Das Gottorfer Globushaus mit seinem begehbaren Globus wird zehn Jahre alt. Am 12. Juli lädt die Stiftung Schleswig-Holsteinische Landesmuseen aus diesem Anlass zu einem Tag der offenen Tür ein. Zwischen 10 bis 18 Uhr gibt es zu Beginn und am Ende des Tages festliche Blasmusik zu hören, Schleswiger Boule-Spieler treffen sich im Barockgarten und der Eintritt ins Globushaus ist an diesem Tag frei. Und wer einen der freien Termine ergattert ist zudem eingeladen, eine Fahrt im Globus zu unternehmen. Das größte Geburtstagsgeschenk wurde der Stiftung Schloss Gottorf bereits 2014 von den Sparkassen in Schleswig-Holstein gemacht. Das neue Vermittlungssystem in Globushaus und Barockgarten - der S-Audioguide - löste im vergangenen Jahr einen regelrechten Run auf den Globus aus. Es kamen über 3200 Besucher mehr als 2013.

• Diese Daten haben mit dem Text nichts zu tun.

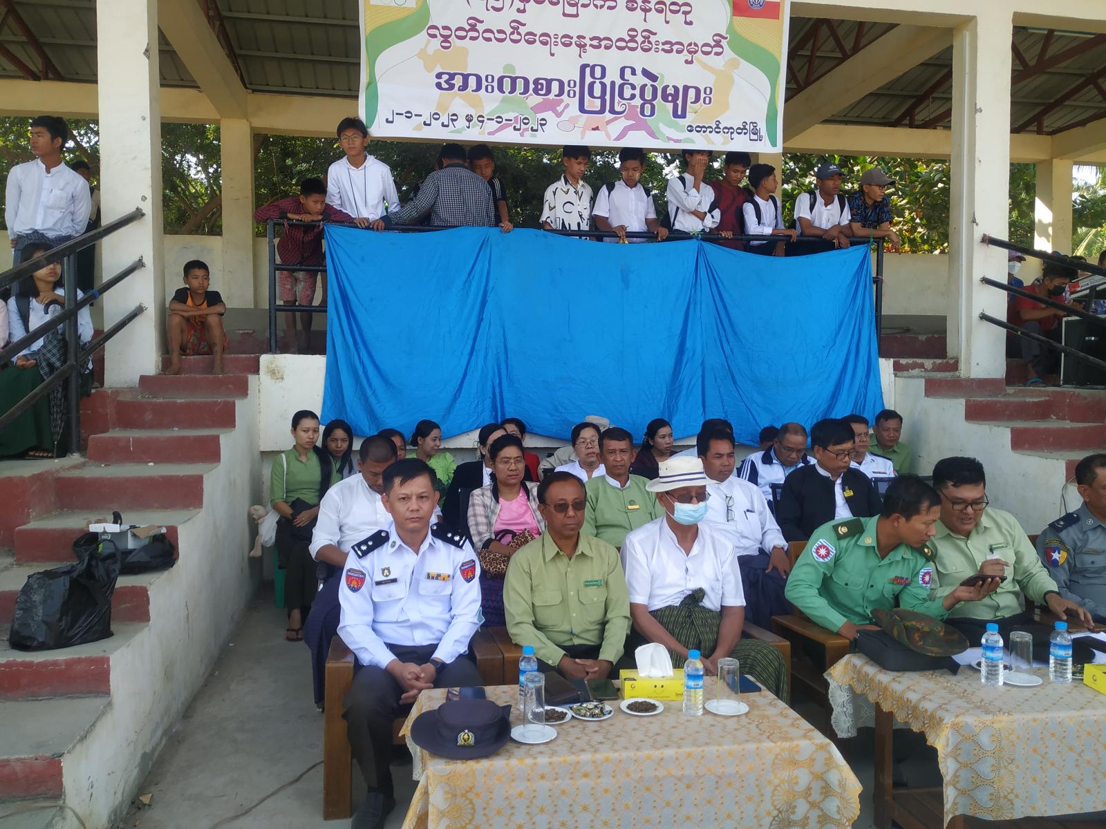 အဆိုပါအခမ်းအနားသို့ ခရိုင်စီမံအုပ်ချုပ်ရေးအဖွဲ့ဥက္ကဋ္ဌ ဦးကျော်မြင့်လှိုင်နှင့်အဖွဲ့ဝင်များ၊ မြို့နယ်စီမံအုပ်ချုပ်ရေးအဖွဲ့ဥက္ကဋ္ဌ ဦးဇာနည်တိုးနှင့်အဖွဲ့ဝင်များ၊ ခရိုင်၊ မြို့နယ်အဆင့်ဌာနဆိုင်ရာများ၊ တက်ရောက်ခဲ့ကြပြီး ပြိုင်ပွဲများအဖြစ် အလွတ်တန်းမီနီမာရသွန်ပြိုင်ပွဲ၊ အခြေခံပညာကျောင်းပေါင်းစုံပိုက်ကျော်ခြင်းပြိုင်ပွဲ၊ အမျိုးသမီးထုပ်ဆီးတိုးပြိုင်ပွဲ၊ ဂျပန်ဂိုးကျဉ်းပြိုင်ပွဲများနှင့် အခြားပျော်ပွဲရွှင်ပွဲများကို ဆက်လက်ကျင်းပသွားမည်ဖြစ်ကြောင်း သိရသည်။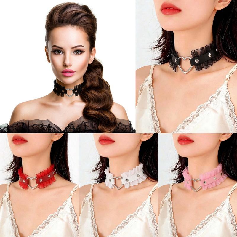 ✅Sweet gothic design: ruffled lace + hollow heart frame

Erst in der vergangenen Saison hatte die Stiftung Schleswig-Holsteinische Landesmuseen Schloss Gottorf ihr Vermittlungskonzept für das Globushaus und den Garten modernisiert – dank einer umfangreichen Partnerschaft mit den Sparkassen in Schleswig-Holstein. Seit Jahren unterstützen die Sparkassen die Modernisierung der Vermittlungsformen in den Landesmuseen der Stiftung Schloss Gottorf. „Die Sparkassen begleiten die Stiftung Schleswig-Holsteinische Landesmuseen gerne auf ihrem innovativen Weg. Moderne Vermittlungstechnik macht einen Museumsbesuch zu einem noch spannenderen Erlebnis und ermöglicht Einblicke, die man auf anderem Wege so nicht bekommen würde. Gemeinsam haben wir uns vorgenommen, sukzessiv alle zur Stiftung gehörenden Museen mit Audioguides und weiteren Medien auszustatten“, so Gyde Opitz, Leiterin des Bereichs Gesellschaftliches Engagement beim Sparkassen- und Giroverband.

Und der Erfolg der Modernisierung hat nicht lange auf sich warten lassen. Die tatsächlichen Besucherzahlen im Gottorfer Globushaus stiegen 2014 im Vergleich zu 2013 von 9.061 auf 12.287 an. Das macht ein sattes Plus von 35 %.

An 18 Stationen gibt es Informationen zum Barockgarten, spannende Geschichten zur Entstehung, zum Erbauer der Gartenanlage und zur historischen und gegenwärtigen Bepflanzung. Es werden die Spiegelmonogramme auf der ersten Terrasse erläutert, über den Vorgängerbau des heutigen Globushauses berichtet und die Besucher erfahren, wo die verschwundene Amalienburg gestanden hat.

Besonders wichtig war den Verantwortlichen des Projekts auch, dass es Hinweise auf den Pilzbefall der Buchsbaumhecken und Erklärungen zu Neuanpflanzungen gibt. Denn noch immer werfen Besucher, die von der bedauerlichen Buchsbaumkrankheit nichts wissen, dem Team ums Gottorfs Chefgärtner Ralf Mahnke böse Blicke zu.